TASK REQUIREMENTS
Return the listing below exactly as it stands. Pictures stay out.

RAW DATA
• • • •
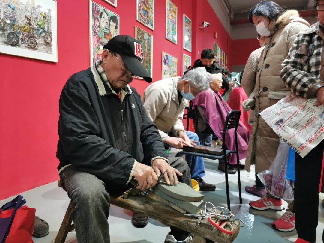 在现场数十个服务项目中,以理发、磨刀、修鞋子为代表的一些“老行当”尤其受到老年朋友的青睐,成为“冷门中的热门”。
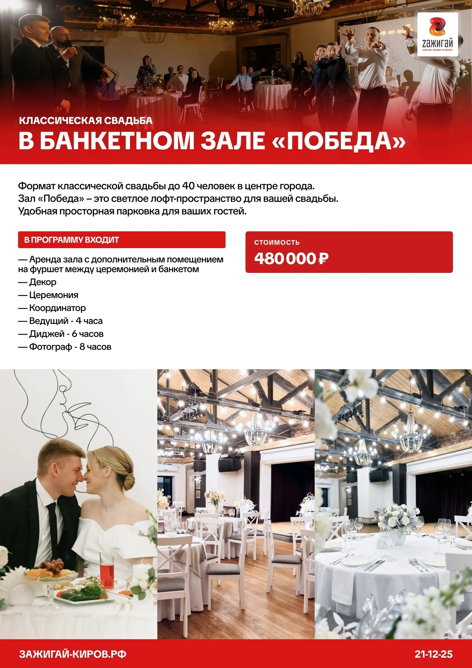 Агентство «Зажигай» — организация свадеб в Кирове под ключ с 2008 года. Оставьте заявку — обсудим детали и создадим свадьбу вашей мечты!
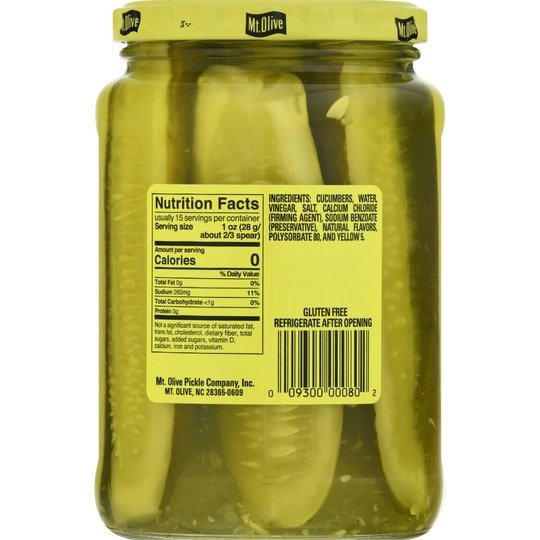 The Kosher Dill deliciousness you know and love from Mt. Olive in pickle spear form. These are the pickle spears you crave, and the classic Kosher Dill flavor you’ve been looking for. It’s not the perfect meal without the perfect pickle. Mt. Olive Kosher Dill Spears are the best pairing for all sandwiches, burgers, hot dogs and much more. They’re also the best way to satisfying your salty, crunchy cravings as a snack on their own! Mt. Olive Pickle Co. has been producing your favorite pickles for nearly 100 years, and Mt. Olive is proud to be the #1 best-selling brand of pickles, peppers and relishes in the United States. Our crunchy, flavorful pickle goodness comes from the corner of Cucumber & Vine in our hometown in North Carolina.
• • • •
ANSWER SECTION
 在现场数十个服务项目中,以理发、磨刀、修鞋子为代表的一些“老行当”尤其受到老年朋友的青睐,成为“冷门中的热门”。
 Агентство «Зажигай» — организация свадеб в Кирове под ключ с 2008 года. Оставьте заявку — обсудим детали и создадим свадьбу вашей мечты!
 The Kosher Dill deliciousness you know and love from Mt. Olive in pickle spear form. These are the pickle spears you crave, and the classic Kosher Dill flavor you’ve been looking for. It’s not the perfect meal without the perfect pickle. Mt. Olive Kosher Dill Spears are the best pairing for all sandwiches, burgers, hot dogs and much more. They’re also the best way to satisfying your salty, crunchy cravings as a snack on their own! Mt. Olive Pickle Co. has been producing your favorite pickles for nearly 100 years, and Mt. Olive is proud to be the #1 best-selling brand of pickles, peppers and relishes in the United States. Our crunchy, flavorful pickle goodness comes from the corner of Cucumber & Vine in our hometown in North Carolina.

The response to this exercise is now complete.